One of the most striking cases saw the Westerner I interviewed taken hostage by his joint-venture partners when they reached an impasse on the company’s development. He was subsequently held captive in his office for more than a day as employees of the local partner stood guard outside his door.

Another striking case saw a worker killed in an accident in a factory under construction, only to have the Chinese partner quietly dispose of the body and quietly pay off the family to keep the project on track. While some might argue that partner falls into the “good” category, it certainly doesn’t reflect a huge respect for the law, let alone human life. But perhaps that’s one of the unique qualities of doing business in China — that nothing is written in stone, and rules were made to be broken, or at least bent.

One of my contacts who deals daily with the subject, corporate strategist Edward Tse, pointed out the reasons for failed partnerships are many and varied. In the case of S.C. Johnson, he said, the company simply wanted to promote its own brands, which include the likes of Drano drain cleaner and Ziploc bags. But its partner, now known as Jahwa, was more interested in promoting its own local Maxam and Ruby brands. End of story.

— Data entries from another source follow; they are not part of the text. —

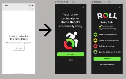 THE CLIENT: Roll Mobility is a pre-seed startup, C2C mobile app that provides wheelchair users accurate and up-to-date information about the physical accessibility of local businesses and restaurants in the community. This information is gathered via in-app reviews submitted from fellow users, which is the core CTA of the app.
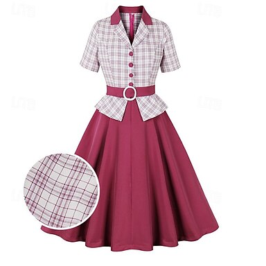 Ligne A Longueur cheville Robes de Cocktail Robe de Soirée Robes de soirée Élégant ancien Années 1950 Manche Courte Col Illusion Halloween robe demoiselle d honneur Invité de mariage d'automne
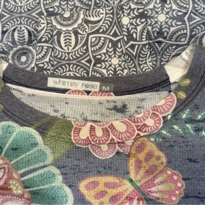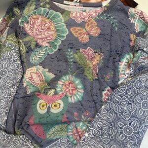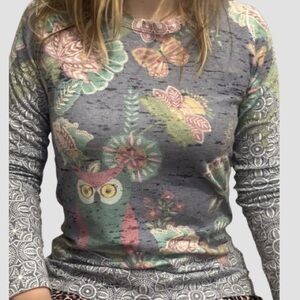 Embroidery inspired print pattern combines eclectic elements like a prominent owl, butterflies, and large floral motifs on the front, with intricate mandala-style geometric patterns on the sleeves and hem.
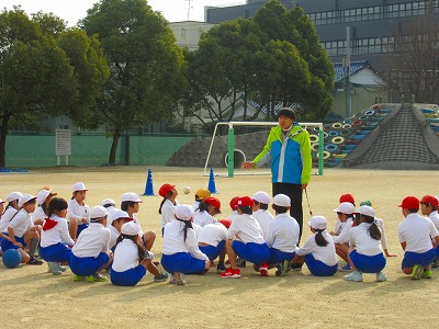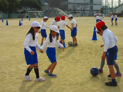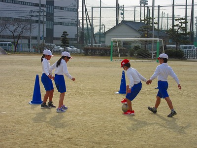 3年生がサッカーに取り組んでいました。2人で手をつなぎながらの攻防をしていました。守ることも攻めることも一人ではなく、手をつなぐことにより面を意識してボールを操作していました。

In Danone’s case, the French company formed its joint venture in the 1990s with Wahaha, now one of China’s leading drink makers. Danone was later horrified to discover its partner had set up parallel companies that used know-how from their venture to manufacture and sell nearly identical products, providing direct competition. With partners like that, who needs enemies?

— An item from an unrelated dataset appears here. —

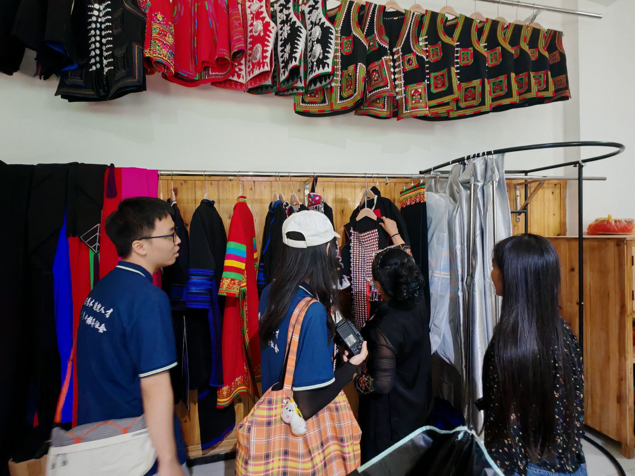 牛洪社区内有这样一家服饰店,陈列着不同民族不同分支的传统服饰,成为了多民族交往交流交融的生动写照。“帕常”白帽与七熠短裤、龟形千层衣与银饰密码、战火淬炼的衣冠志,诉说着哈尼族梯田上的身体叙事。这些服饰从哀牢山的草木中汲取灵感:哈尼人以靛青染布,色如千年梯田的倒影。银饰的造型皆源于土地:螺蛳喻水田丰饶,浮萍银片是生命蔓延的符号,而鱼形胸链则游弋在创世传说的源头……面对多彩的民族服饰,服务团成员深刻体会到各民族优秀文化的深厚底蕴。

Still others I’ve talked to over the years cite “guanxi,” the age-old Chinese practice of cultivating connections, as a similar wedge that ultimately splinters partnerships. Most Westerners often assume that maximizing profits is the central tenet of any business, failing to realize that many Chinese firms, especially older, state-owned ones, are more interested in cultivating good relations. That might lead a Chinese partner to put more emphasis on providing as many jobs as possible to boost the local economy, or hiring a local official’s uniquely unqualified relative to an important position in the venture.

At the end of the day, every business success or failure is a case study in itself, filled with lessons you won’t see anywhere else. It’s also worth noting that as China’s business climate evolves, major cities like Beijing and Shanghai are becoming increasingly Western in their approach, while many smaller cities remain stuck in a bygone era. As this column unfolds, I hope to explore in greater depth this multifaceted face of China that makes it both an exciting but also challenging place to do business, and hope that you, the readers, can join me for the ride with your own questions and experiences.